AlphaGo, the board-game-playing AI built by Google’s DeepMind subsidiary, just got a huge update, making it smarter — and potentially creepier — than ever before. In a paper published in Nature, the company reveals that the newest version of the AI, called AlphaGo Zero, requires no human training in order to make itself better, and it’s now so good that it can demolish even the past versions of itself.
The company approached AlphaGo Zero development much differently than that of its predecessors. Rather than making the AI smarter based on known, human-developed strategies, the team instead pitted the software against itself, with no prior advanced training. As the AI beat itself over and over, it continually updated its own knowledge of the game, it got better and better.
The AI taught itself to play the game at a higher level than any human player, running on marathon sessions where it played against itself for several days at a time. After three full days of constant playtime, Zero was capable of crushing the version of AlphaGo that already bested the human world champion. In fact, the battle wasn’t even close, as Zero took 100 wins in a row and didn’t lose a single match.

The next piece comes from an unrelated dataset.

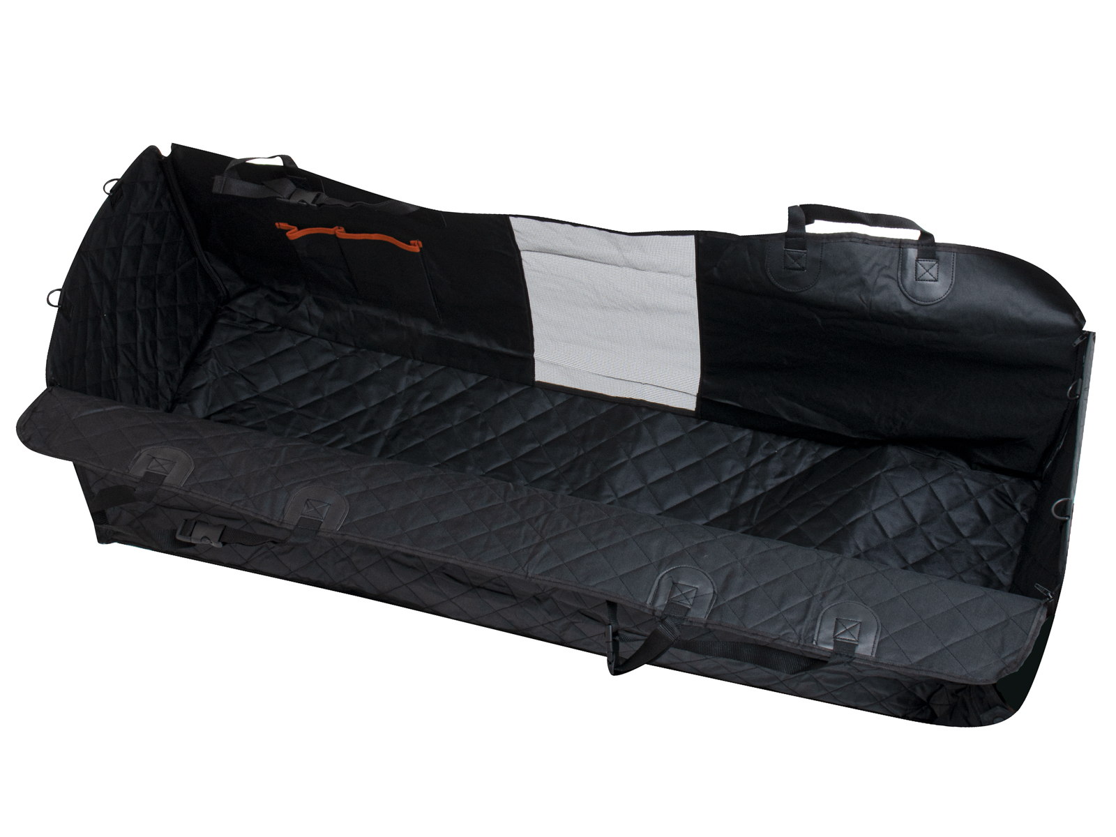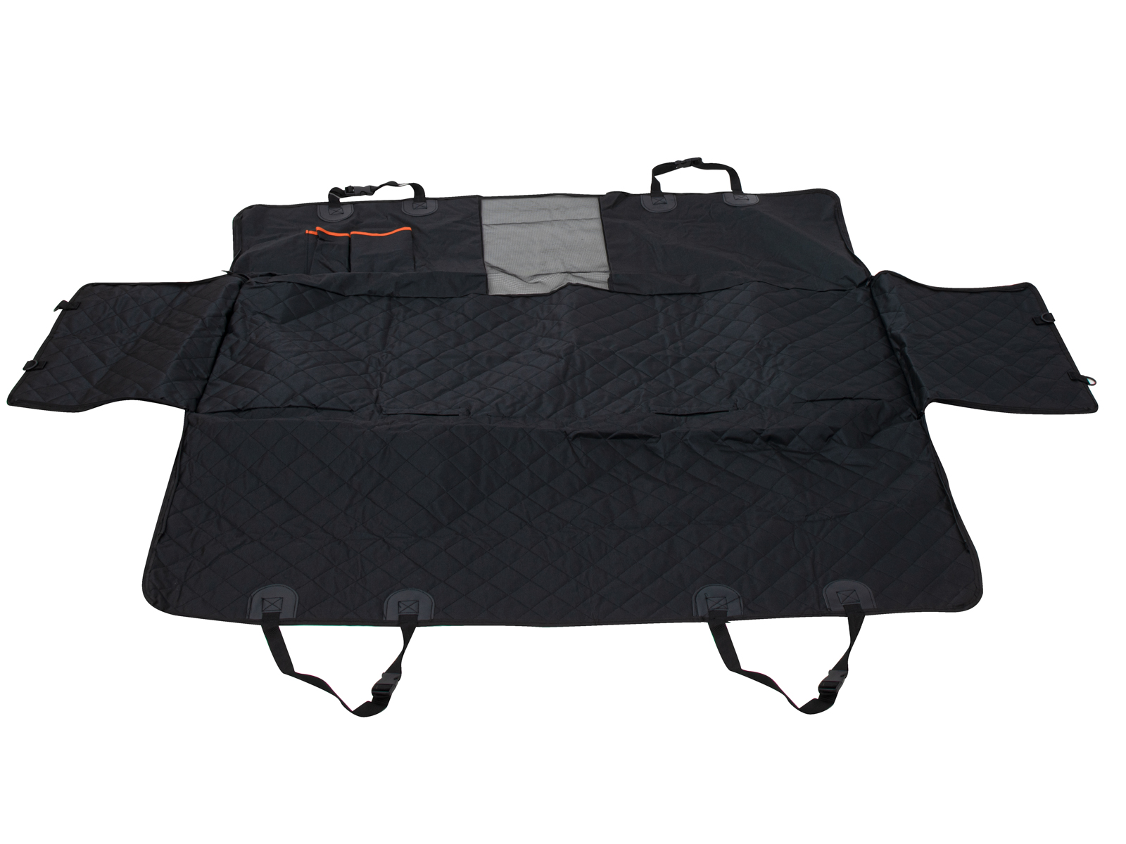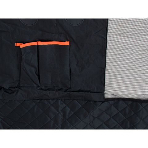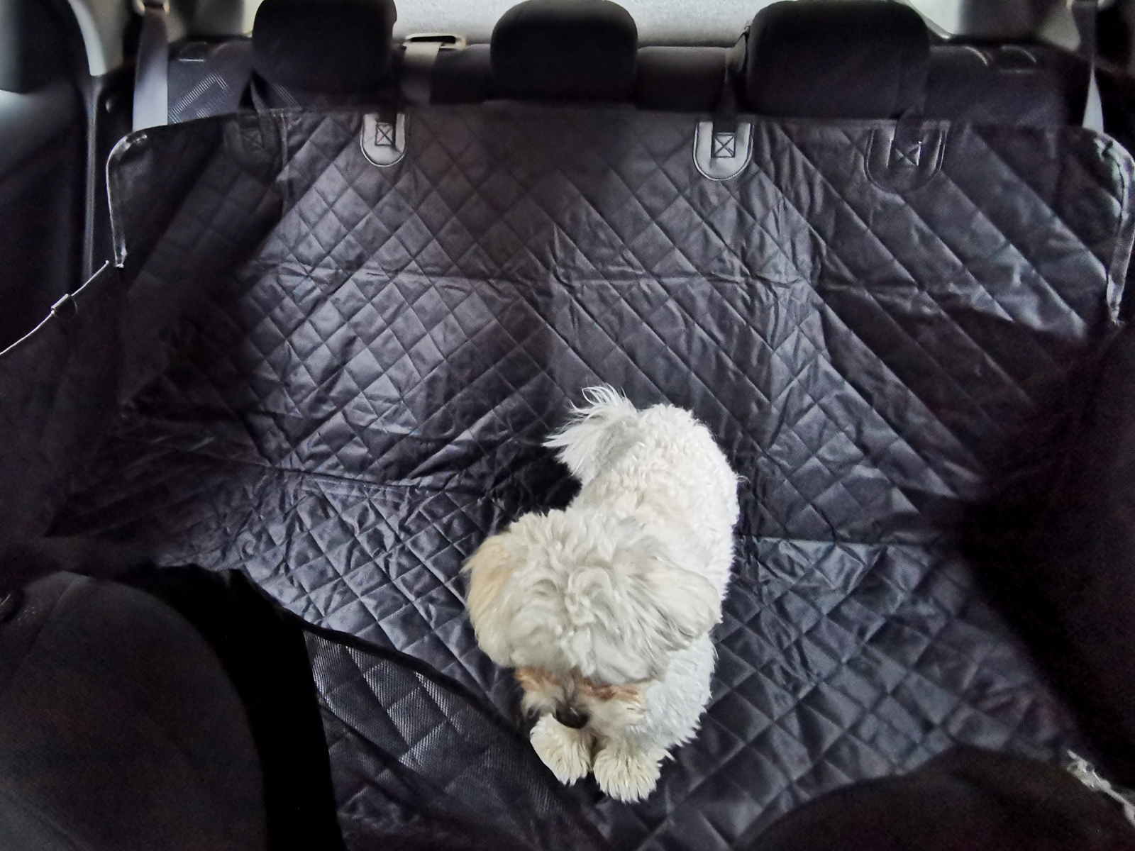 Z przodu maty – pomiędzy przednimi siedzeniami zamontowano siatkę, dzięki czemu zwierzak może widzieć swojego właściciela i patrzeć na drogę, ale nie ma możliwości przejść na przednie siedzenia.

“By not using human data — by not using human expertise in any fashion — we’ve actually removed the constraints of human knowledge,” AlphaGo Zero’s lead programmer, David Silver, explained during a press conference. “It’s therefore able to create knowledge itself from first principles.”
In short, by not trying to mimic the best human Go players, AlphaGo Zero actually eliminated any of the biases or oversights Go players are hampered by, thereby creating a more pure strategy. In fact, now that Zero has shown just how good it is, it might be able to act as a guide for players who want to up their own game to the level of the computer.